Around half of those surveyed did not know the standard drink limits for reducing the risk of alcohol-related accident, injury or disease. Less than half were aware alcohol could cause cancer and only 14% recognised it as a cause of breast cancer.

The report outlined how alcohol could cause at least seven types of cancer – including cancers of the mouth, throat, liver, breast and bowel – and was responsible for more than 4,500 deaths and 80,000 hospitalisations in Australia, each year.

Alcohol Change Australia executive officer Hannah Pierce said lack of awareness surrounding the health damage caused by alcohol was deeply concerning. However there were a range of evidence-based initiatives available that would help build knowledge and reduce harm.

“The alcohol industry invests substantial resources into the promotion of its products, overshadowing the associated harms – which include injuries, diseases and even deaths,” she said.

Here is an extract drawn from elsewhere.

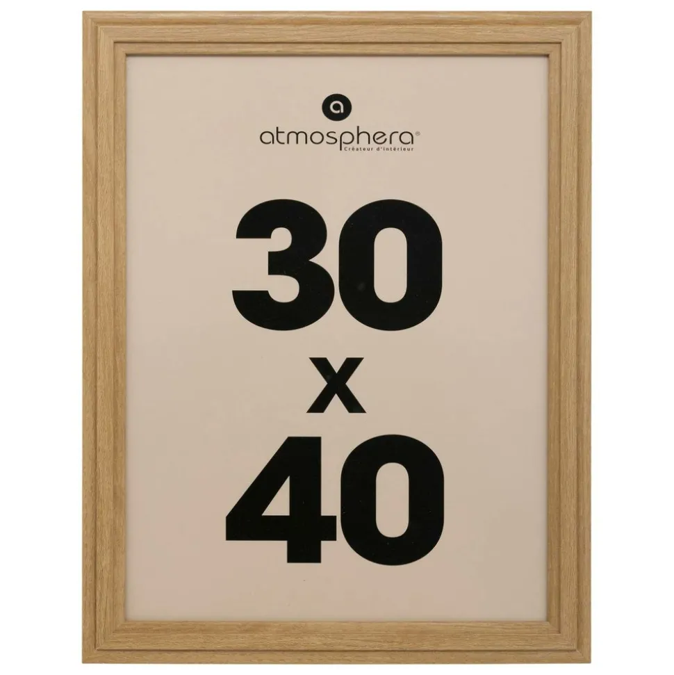 Mettez vos tirages préférés en valeur avec le cadre photo « Alix » Atmosphera ! Chaleureux et pratique, il est conçu pour exposer une photo au format 30 × 40 cm. Vitré, son cadre en bois à moulures peut être suspendu dans le sens de votre choix et vous pourrez l’associer à des cadres photo de la même ligne, proposés dans plusieurs dimensions standards, afin de composer un ensemble personnalisé.

“The lack of awareness surrounding alcohol’s health risks is a worrying blind spot, but in some ways unsurprising given we are bombarded with enticing messages and imagery encouraging alcohol use.”

Ms Pierce said too many Australians were in the dark about the health risks and particularly the link between alcohol and cancer.

“Stronger restrictions on alcohol marketing and action to address cheap alcohol, coupled with greater investment in public education campaigns and the introduction of a health warning label, would go a long way in improving the health and wellbeing of all Australians,” she said.

Alcohol Change Australia chair, Dr Erin Lalor, said there was strong public backing for immediate and comprehensive policy reforms to tackle the growing issue.

“This report shows 7 in 10 Australians think that governments must take more significant steps to reduce alcohol-caused harms,” she said.

“All this data points to the fact that alcohol reforms would not only benefit our national health but also enjoy broad support.”

Alcohol Change Australia is a collaborative alliance comprising diverse health and community organisations from across the nation. Its collective mission is to combat and diminish the impact of alcohol-related harm on individuals, families, and communities throughout Australia.